Microsoft wyłącza idiotyczne ograniczenie. Sztuczna inteligencja zadziała teraz wszędzie
Do tej pory, by móc skorzystać z Bing Czata, trzeba było korzystać z przeglądarki Edge. Nie było ku temu żadnego realnego powodu, poza sztucznym podbijaniem statystyk produktu Microsoftu. Nie pomogło, więc z tym kończą.
Tak zwana generatywna sztuczna inteligencja jest przez wielu określana jako przełom na miarę graficznego interfejsu użytkownika. Trudno się z tym nie zgodzić - ale nawet sceptycy muszą przyznać, że technologia drzemiąca za czatbotami nowej generacji jest imponująca i o ogromnym potencjale.
Jednym z największych beneficjentów bieżącej rewolucji od strony biznesowej jest Microsoft.

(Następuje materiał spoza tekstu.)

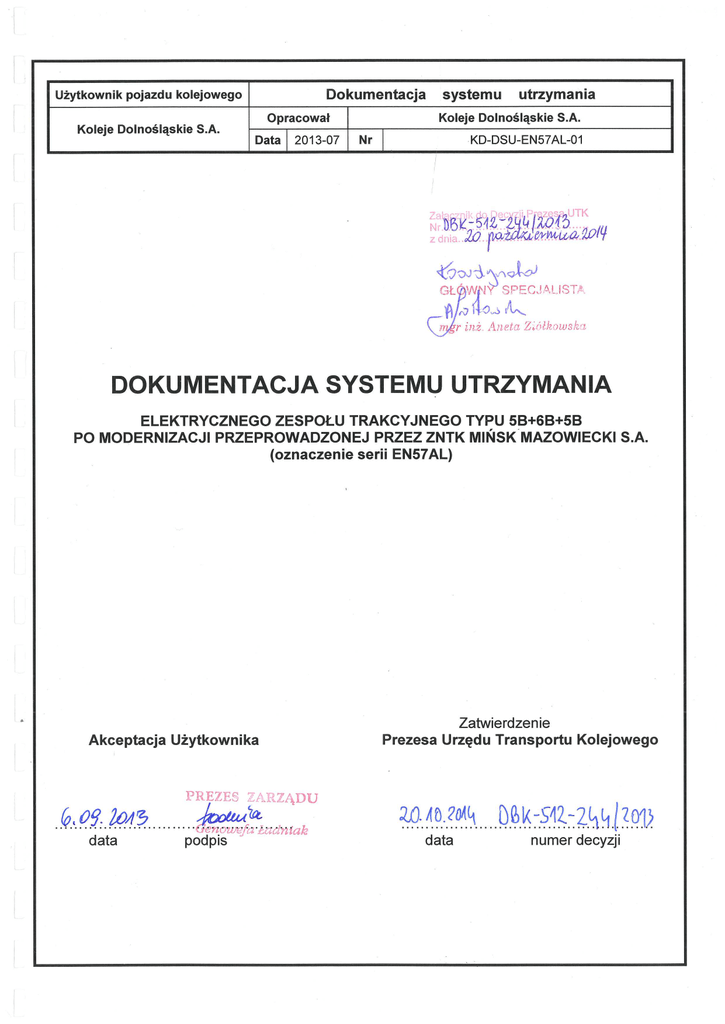 Użytkownik pojazdu kolejowego Koleje Dolnośląskie S.A. Dokumentacja systemu utrzymania Opracował Data 2013-07 Koleje Dolnośląskie S.A. Nr Strona 3 Arkusz [strona] 2[1/4] KD-DSU-EN57AL-01 Załącznik [strona] SPIS TREŚCI Treść L.P. Strona Arkusz 1 Karta informacyjna. 2 1 2 Spis treści. 3 2 3 Karta zmian. 7 3 4 Karta charakterystyki. Podstawowe dane techniczne ezt EN57AL 8 4 5 Wstęp. Pojęcia podstawowe 10 5 6 Poziomy utrzymania pojazdów kolejowych 12 6 7 Karta dokumentów związanych. Pojazdy kolejowe. 13 7 8 Karta norm i przepisów międzynarodowych. Polskie Normy. Kolejnictwo. Zagadnienia ogólne. 14 8 9 Karta norm i przepisów międzynarodowych. Polskie Normy. Pojazdy kolejowe. Zagadnienia ogólne. 15 9 10 Karta norm i przepisów międzynarodowych. Karty UIC. Zagadnienia ogólne. Materiały i wymagania. 17 10 11 Karta norm i przepisów międzynarodowych. Karty UIC. Pojazdy kolejowe. Zagadnienia ogólne. 22 11 12 Karta norm i przepisów międzynarodowych. Polskie Normy. Pojazdy kolejowe. 23 12 13 Karta norm i przepisów międzynarodowych. Karty UIC. Pojazdy kolejowe. 24 13 14 Opis funkcjonalny elektrycznego zespołu trakcyjnego EN57AL 25 14 15 Karta cyklu przeglądowo-naprawczego. Elektryczne zespoły trakcyjne. 33 15 16 Arkusz przeglądowy. Przeglądy sezonowe 35 16 Wykaz czynności przeglądowych przy 1, 2 i 3 poziomie utrzymania pojazdów kolejowych (przeglądy okresowe) 17 Arkusz przeglądowy. Pojazd kolejowy kompletny. 37 F1 18 Arkusz przeglądowy. Ostoja. 38 F2 19 Arkusz przeglądowy. Nadwozie. 39 F3 20 Arkusz przeglądowy. Wózki. 41 F4 21 Arkusz przeglądowy. Zestawy kołowe, łożyska osiowe i zawieszenia silników trakcyjnych. 43 F5 22 Arkusz przeglądowy. Urządzenia cięgłowe i zderzakowe. 45 F8 23 Arkusz przeglądowy. Hamulec i układ pneumatyczny wraz ze sprężarką. 47 F9 24 Arkusz przeglądowy. Ogrzewanie, wentylacja, klimatyzacja 53 F11 25 Arkusz przeglądowy. Wyposażenie wewnętrzne. 55 F13 26 Arkusz przeglądowy. Bateria akumulatorów. 57 F14 27 Arkusz przeglądowy. Oświetlenie i instalacja elektryczna nn. 58 F15 Załącznik Użytkownik pojazdu kolejowego Koleje Dolnośląskie S.A. Dokumentacja systemu utrzymania Opracował Data Koleje Dolnośląskie S.A. 2013-07 Nr Strona 4 Arkusz [strona] 2[2/4] KD-DSU-EN57AL-01 Załącznik [strona] SPIS TREŚCI L.P. Treść 28 Arkusz przeglądowy. Aparaty i urządzenia elektryczne WN i nn obwodów głównych i pomocniczych. 61 F16 29 Arkusz przeglądowy. Maszyny elektryczne 72 F17 30 Arkusz przeglądowy. Przekładnia główna. 74 F21 31 Arkusz przeglądowy. Układ monitoringu i informacji audio - wizualnej 75 F23 32 Arkusz przeglądowy. Rampa inwalidzka 77 F24 33 Arkusz przeglądowy. Przyrządy kontrolno pomiarowe. 78 F24 34 Arkusz przeglądowy. Sterowanie kabinowe i urządzenia czujności. 79 F25 35 Arkusz przeglądowy. System smarowania. 81 F26 Strona Arkusz Załącznik Wzory kart pomiarowych przy czynnościach obsługowych 1, 2 i 3 poziomu utrzymania 36 Karta pomiarowa. Zawieszenie sprzęgów czołowych, międzywagonowych, zgarniaczy torowych i szynowych i zderzaków międzywagonowych 83 P1 37 Karta pomiarowa. Zestaw kołowy 85 P2 38 Karta pomiarowa. Hamulec i urządzenia pneumatyczne 88 P3 39 Karta pomiarowa. Karta pomiarowa sprężarki powietrza 96 P4 40 Karta pomiarowa. Sterowanie kabinowe i urządzenia czujności 97 P5 41 Karta pomiarowa. Wyposażenie elektryczne 98 P6 42 Karta pomiarowa. Wyposażenie elektryczne 102 P7 43 Karta pomiarowa. Wyposażenie elektryczne 104 P8 44 Karta smarowania 109 P9 Wykaz czynności naprawczych wykonywanych przy 4 i 5 poziomie utrzymania pojazdów kolejowych 45 Arkusz naprawczy. Pojazd kolejowy kompletny. 115 F1 46 Arkusz naprawczy. Ostoja. 116 F2 47 Arkusz naprawczy. Nadwozie. 117 F3 48 Arkusz naprawczy. Wózki. 122 F4 49 Arkusz naprawczy. Zestawy kołowe, łożyska osiowe i zawieszenia silników trakcyjnych. 125 F5 50 Arkusz naprawczy. Urządzenia cięgłowe i zderzakowe. 127 F8 51 Arkusz naprawczy. Hamulec i układ pneumatyczny wraz ze sprężarką. 128 F9 52 Arkusz naprawczy. Ogrzewanie, wentylacja, klimatyzacja 133 F11 53 Arkusz naprawczy. Wyposażenie wewnętrzne. 137 F13 54 Arkusz naprawczy. Bateria akumulatorów. 139 F14 Użytkownik pojazdu kolejowego Koleje Dolnośląskie S.A. Dokumentacja systemu utrzymania Opracował Data 2013-07 Koleje Dolnośląskie S.A. Nr Strona 5 Arkusz [strona] 2[3/4] KD-DSU-EN57AL-01 Załącznik [strona] SPIS TREŚCI 55 Arkusz naprawczy. Oświetlenie i instalacja elektryczna nn. 140 F15 56 Arkusz naprawczy. Aparaty i urządzenia elektryczne WN i nn obwodów głównych i pomocniczych. 144 F16 57 Arkusz naprawczy. Maszyny elektryczne 159 F17 58 Arkusz naprawczy. Przekładnia główna. 160 F21 59 Arkusz naprawczy. Układ monitoringu i informacji audio - wizualnej 161 F23 60 Arkusz naprawczy. Rampa inwalidzka 162 F24 61 Arkusz naprawczy. Przyrządy kontrolno pomiarowe. 163 F24 62 Arkusz naprawczy. Sterowanie kabinowe i urządzenia czujności. 164 F25 63 Arkusz naprawczy. System smarowania. 165 F26 64 Arkusz naprawczy. Pojazd kolejowy kompletny po naprawie. 166 F31 65 Wzory kart pomiarowych przy czynnościach obsługowych 4 i 5 poziomu utrzymania 66 Karta pomiarowa. Ostoja (wagon rozrządczy) 168 N1 67 Karta pomiarowa. Ostoja (wagon silnikowy) 170 N2 68 Karta pomiarowa. Podwozie (wagon rozrządczy) 172 N3 69 Karta pomiarowa. Podwozie (wagon silnikowy) 174 N4 70 Karta pomiarowa. Podwozie (wagon rozrządczy−sprężyny gumowo-metalowe) 176 N5 71 Karta pomiarowa. Podwozie (wagon silnikowy − sprężyny gumowo-metalowe) 177 N6 72 Karta pomiarowa. Zawieszenie sprzęgów czołowych, międzywagonowych, zgarniaczy torowych i szynowych i zderzaków międzywagonowych 178 N7 73 Karta pomiarowa. Czop skrętu i gniazdo czopa skrętu. 180 N8 74 Karta pomiarowa. Rama wózka i belka bujakowa. 181 N9 75 Karta pomiarowa. Sprężyny 183 N10 76 Karta pomiarowa. Sprężyny metalowo - gumowe 184 N11 77 Karta pomiarowa. Luzy na ślizgach belki bujakowej 186 N12 78 Kart

Jego znaczne inwestycje we własne badania nad SI, a także duże pieniądze zainwestowane w firmę OpenAI przynoszą teraz obfite plony. Za sprawą technologii GPT wszystkie istotne usługi Microsoftu staną się niezestawialnie użyteczniejsze - zarówno od swoich poprzednich wersji, jak i od konkurencyjnych rozwiązań, które nie zaoferują podobnych udogodnień. Czasem można jednak zbyt mocno uwierzyć w swoje siły.
Przykładem na to niech będzie chociażby Bing Czat, korzystający ze zbliżonej do ChatGPT technologii. Ów ChatGPT zyskał dziesiątki milionów nowych użytkowników, którzy korzystają z dobrodziejstw generatywnej SI czasem i codziennie. Tymczasem statystyki Binga od czasu wprowadzenia do niego czatbota w zasadzie nie drgnęły. Być może dlatego, że Microsoft uwierzył, że na fali oczekiwanej zwiększonej popularności Binga uda się poprawić statystyki przeglądarki Edge.
Microsoft Edge był obowiązkowy, by skorzystać z Bing Czata. Koniec z tą głupotą.
Okazuje się, że użytkownik nie widzi powodu do zmiany swojej ulubionej przeglądarki. Bing Czat tym powodem nie jest - zwłaszcza że przecież istnieją konkurencyjne ChatGPT i Google Bard. Ktoś w Microsofcie więc poszedł po rozum do głowy i zdecydował o zniesieniu ograniczeń. Znaczy się, naprawił potencjalne problemy ze zgodnością z innymi przeglądarkami, bo przecież nikt w Microsofcie oficjalnie nie przyzna, że może tu chodzić wyłącznie o statystyki i odsłony.
Pozostaje się z tego otrzeźwienia cieszyć. Bing Czat jest akurat bardzo sensowną propozycją, wyróżniającą się szczególną dbałością o rzetelność prezentowanych informacji - przy czym i tak jest w tym niedoskonały, ale dodatkowym jego atutem jest załączanie szczegółowej bibliografii, by użytkownik mógł błyskawicznie weryfikować jego wypowiedzi. Jego obecność na przeglądarkach Chrome i Safari przysłuży się nie tylko Microsoftowi.